Details
-
Bug
-
Resolution: Fixed
-
Critical
-
Lustre 2.5.0, Lustre 2.4.3
-
Clients:
Endeavour: 2.4.3, ldan: 2.4.1, Pleiades compute nodes: 2.1.5 or 2.4.1
Servers:
2.1.5, 2.4.1, 2.4.3
-
2
-
14374
Description
We have been seeing our SLES11SP2 and SLES11SP3 clients have stuck anonymous memory that cannot be cleared up without a reboot. We have three test cases which can replicate the problem reliably. We have been able to replicate the problem on different clients on all of our lustre file systems. We have not been able to reproduce the problem when using NFS, ext3, CXFS, or tmpfs.
We have been working with SGI on tracking down this problem. Unfortunately, they have been unable to reproduce the problem on their systems. On our systems, they have simplified the test case to mmaping a file along with an equally sized anonymous region, and reading the contents of the mmaped file into the anonymous mmaped region. This test case can be provided to see if you can reproduce this problem.
To determine if the problem is occurring, reboot the system to ensure that memory is clean. Check /proc/meminfo for the amount of Active(anon) memory being used. Run the test case. During the test case, the amount of anonymous memory will increase. At the end of the test case, it would be expected for the amount to drop back to pre-test case levels.
To confirm that the anonymous memory is stuck, we have been using memhog to attempt to allocate memory. If the node has 32Gb of memory, with 2Gb of anonymous memory used, we attempt to allocate 31Gb of memory. If memhog completes and you then have only 1Gb of anonymous memory, you have not reproduced the problem. If memhog is killed, you have.

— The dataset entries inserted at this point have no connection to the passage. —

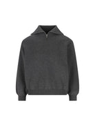 Elevate your everyday wardrobe with this luxurious Charcoal Wool Sweater from Balenciaga. Crafted from premium wool, this pullover features a sophisticated high collar with a half-zip closure, offering versatile styling options and modern edge.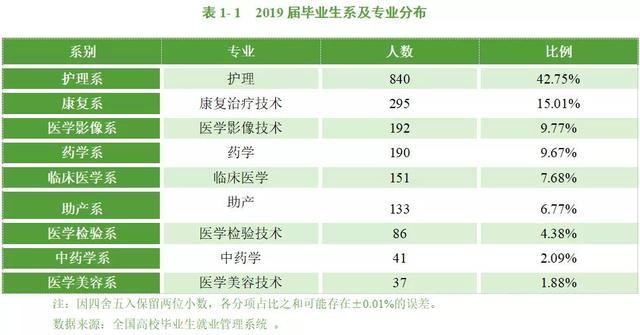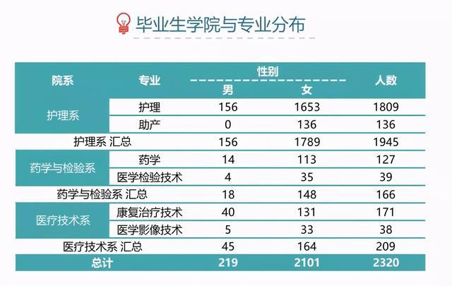 2019届毕业生分布于3个二级院系,6个专业。护理专业毕业生达到1809人。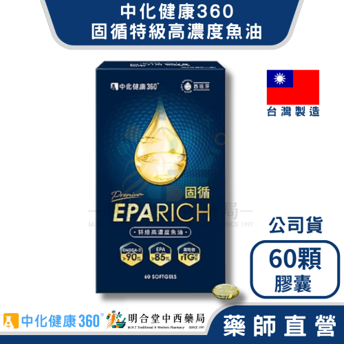 🌟【中化健康360-固循特級高濃度魚油 膠囊】藥師精選|60顆|台灣製|GMP製造|rTG魚油|調節生理機能·代謝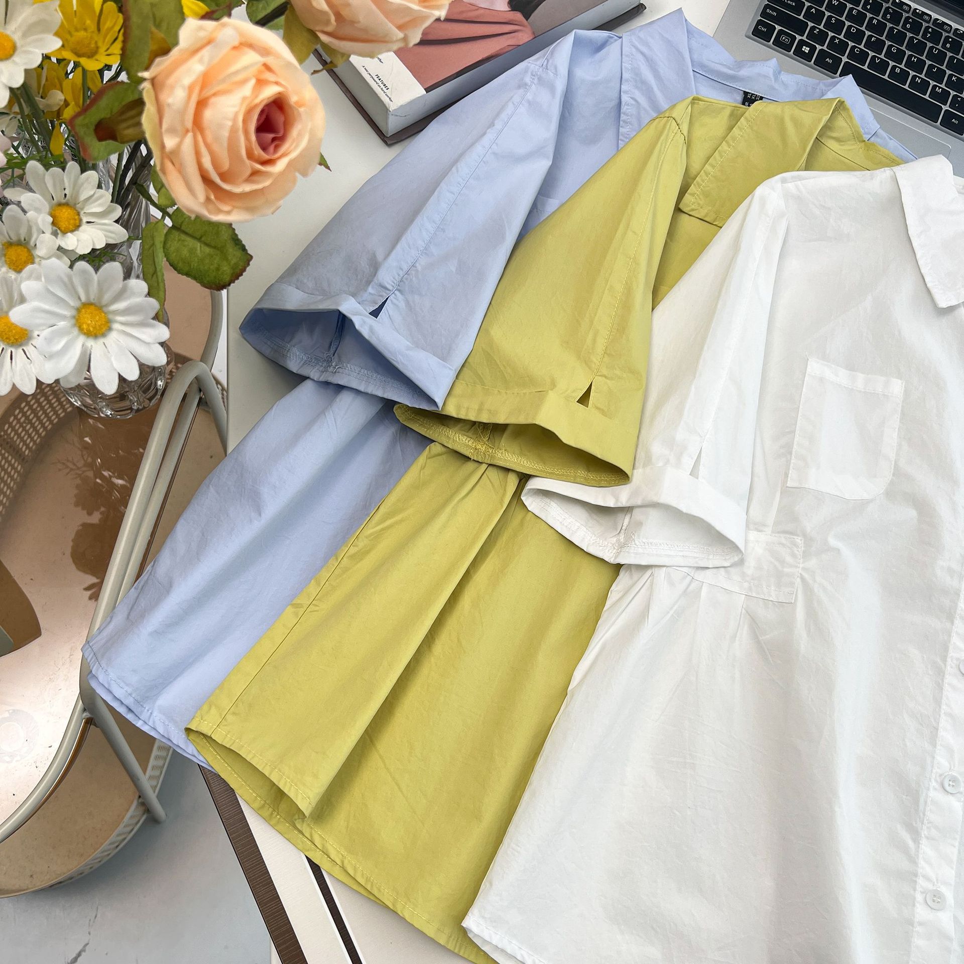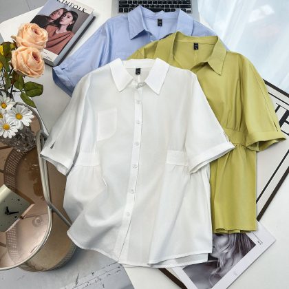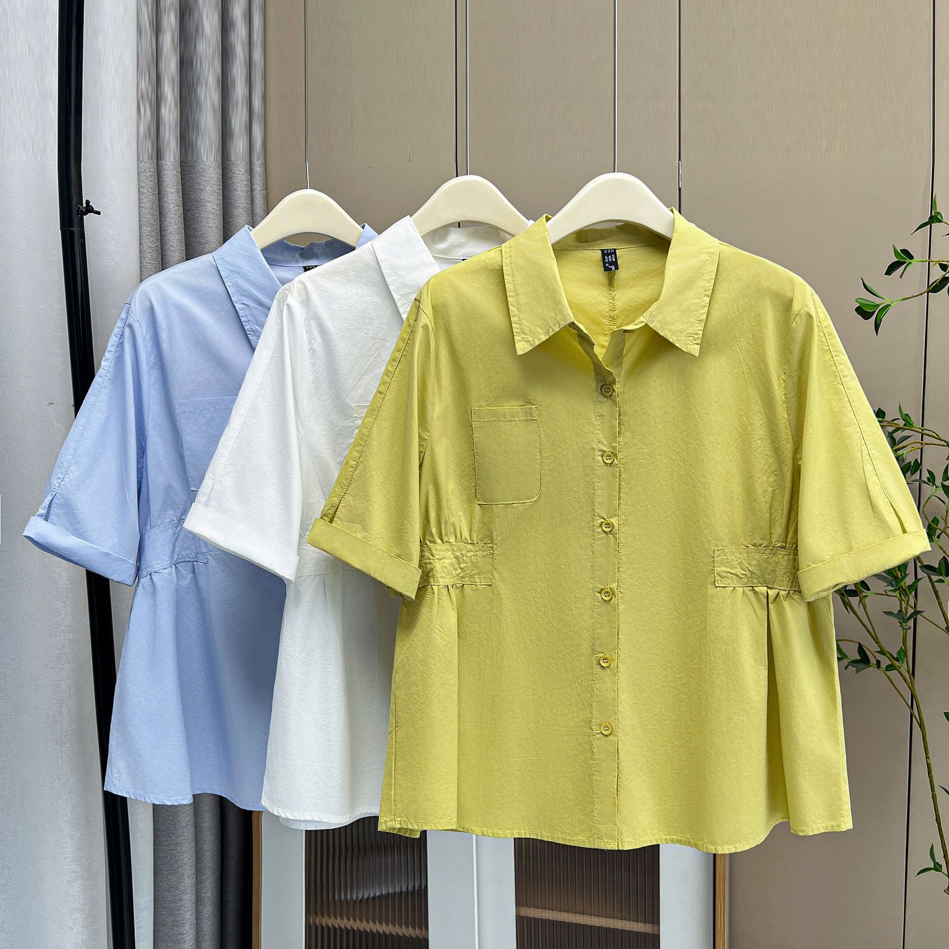 | nameOriginal | 200kg fat sister summer new simple waist solid color short sleeve shirt plus size women's casual shirt 3404 |

SGI would like to get information about how to get debug information to track down this problem.
ldan2 and ldan3 below are fairly ordinary self-contained systems running
Lustre 2.4.1-6nas_ofed154 client. This problem has been reproduced on several versions of the NAS Lustre client and server software.
Log into ldan2. (I've mostly used a qsub session, but I have reproduced the problem outside of PBS)
Log into ldan3. ( I have special permission to log into an ldan I don't
have a PBS job running on)
On both systems cd to the test (lustre) directory
In this directory exist the following:
1. a copy of hedi's test, I've tested with the first one he wrote and a fairly
late version(mmap4.c). The later version (attached) is more flexible.
2. a 1g file created with:
dd if=/dev/zero of=1g bs=4096 count=262144
#
#
On ldan3 run:
dd count=1 bs=1 conv=notrunc of=1g if=/dev/zero
On ldan2 run:
./mmap 1g
After the mmap program terminates, notice that the anonymous memory
used by mmap remains in memory. I've never been able to force
persistent Anonymous memory out of the greater Linux virtual memory
system (memory + swap). Anonymous memory swapped to disk is not
accounted for as "Anonymous Memory", but it is accounted for as swap.
The problem does not reproduce if the dd "interference" is not run.
The problem does not reproduce if the dd "interference" is run and then
lflush is run, or the file is read (w/o mmap) from a third system. The problem does not reproduce if the dd "interference" is run on ldan2, then the mmap test is run on ldan2.